--- Aim of the exercise ---
Find the "面霜是天鹅绒般哑光质地,能一" line in the records below and repeat it and every later line exactly, up to the last; do not include pictures.

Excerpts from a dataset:
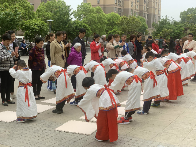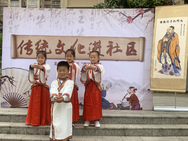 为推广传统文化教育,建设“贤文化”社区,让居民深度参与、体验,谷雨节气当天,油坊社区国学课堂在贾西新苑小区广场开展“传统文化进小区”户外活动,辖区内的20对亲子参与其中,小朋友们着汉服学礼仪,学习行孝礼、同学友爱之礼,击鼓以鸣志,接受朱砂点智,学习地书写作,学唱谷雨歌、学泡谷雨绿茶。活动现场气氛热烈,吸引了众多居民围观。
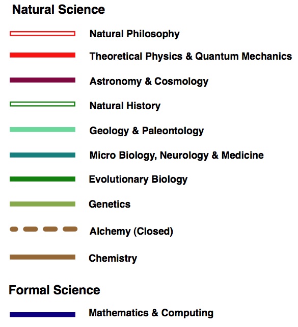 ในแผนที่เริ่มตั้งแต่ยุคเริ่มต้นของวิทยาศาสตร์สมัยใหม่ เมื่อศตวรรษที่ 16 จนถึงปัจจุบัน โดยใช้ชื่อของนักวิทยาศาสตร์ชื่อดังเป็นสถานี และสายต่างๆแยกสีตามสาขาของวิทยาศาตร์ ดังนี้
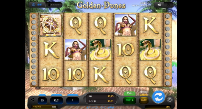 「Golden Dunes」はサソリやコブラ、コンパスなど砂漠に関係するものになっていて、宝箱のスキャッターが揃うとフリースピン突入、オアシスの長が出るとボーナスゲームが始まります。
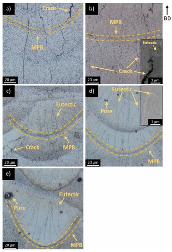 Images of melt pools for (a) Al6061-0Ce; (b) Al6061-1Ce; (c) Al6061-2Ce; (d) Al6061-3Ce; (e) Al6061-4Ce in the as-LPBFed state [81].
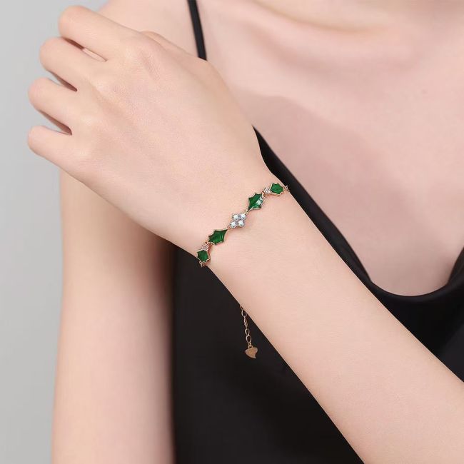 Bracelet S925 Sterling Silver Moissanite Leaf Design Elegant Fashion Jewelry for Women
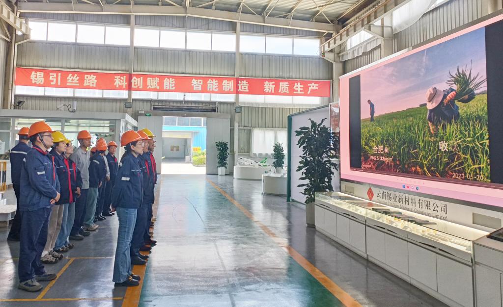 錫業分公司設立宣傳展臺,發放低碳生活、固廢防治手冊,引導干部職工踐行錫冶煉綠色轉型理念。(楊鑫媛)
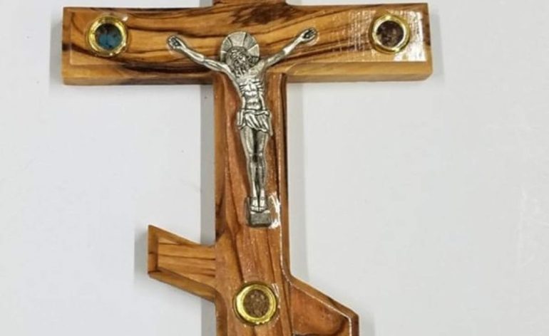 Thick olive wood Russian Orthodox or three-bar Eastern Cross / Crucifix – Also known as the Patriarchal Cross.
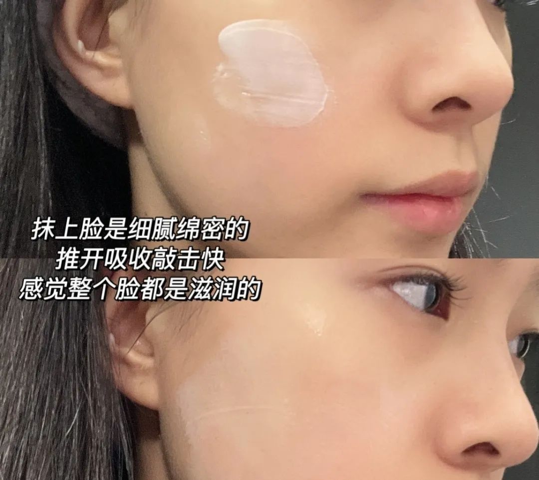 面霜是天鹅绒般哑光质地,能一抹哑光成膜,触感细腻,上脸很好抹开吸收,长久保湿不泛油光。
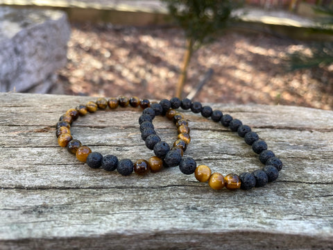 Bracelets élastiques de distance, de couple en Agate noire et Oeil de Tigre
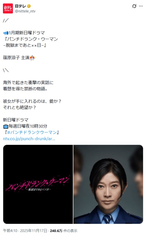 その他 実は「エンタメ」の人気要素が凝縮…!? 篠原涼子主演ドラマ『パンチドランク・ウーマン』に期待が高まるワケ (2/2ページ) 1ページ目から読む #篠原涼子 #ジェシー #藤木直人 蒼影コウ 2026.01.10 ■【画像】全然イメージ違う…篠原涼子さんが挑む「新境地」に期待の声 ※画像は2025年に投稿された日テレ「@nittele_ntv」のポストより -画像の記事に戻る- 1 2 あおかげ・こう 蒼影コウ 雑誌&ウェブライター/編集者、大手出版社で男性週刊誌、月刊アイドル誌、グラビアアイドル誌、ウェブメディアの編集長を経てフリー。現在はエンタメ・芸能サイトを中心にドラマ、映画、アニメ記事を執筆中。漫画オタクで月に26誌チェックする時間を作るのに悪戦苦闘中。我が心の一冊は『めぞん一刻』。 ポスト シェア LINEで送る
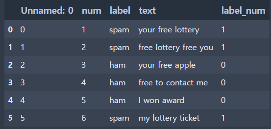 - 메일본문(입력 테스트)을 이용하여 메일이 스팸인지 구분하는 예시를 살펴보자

--- Task solution ---
 面霜是天鹅绒般哑光质地,能一抹哑光成膜,触感细腻,上脸很好抹开吸收,长久保湿不泛油光。
 Bracelets élastiques de distance, de couple en Agate noire et Oeil de Tigre
 その他 実は「エンタメ」の人気要素が凝縮…!? 篠原涼子主演ドラマ『パンチドランク・ウーマン』に期待が高まるワケ (2/2ページ) 1ページ目から読む #篠原涼子 #ジェシー #藤木直人 蒼影コウ 2026.01.10 ■【画像】全然イメージ違う…篠原涼子さんが挑む「新境地」に期待の声 ※画像は2025年に投稿された日テレ「@nittele_ntv」のポストより -画像の記事に戻る- 1 2 あおかげ・こう 蒼影コウ 雑誌&ウェブライター/編集者、大手出版社で男性週刊誌、月刊アイドル誌、グラビアアイドル誌、ウェブメディアの編集長を経てフリー。現在はエンタメ・芸能サイトを中心にドラマ、映画、アニメ記事を執筆中。漫画オタクで月に26誌チェックする時間を作るのに悪戦苦闘中。我が心の一冊は『めぞん一刻』。 ポスト シェア LINEで送る
 - 메일본문(입력 테스트)을 이용하여 메일이 스팸인지 구분하는 예시를 살펴보자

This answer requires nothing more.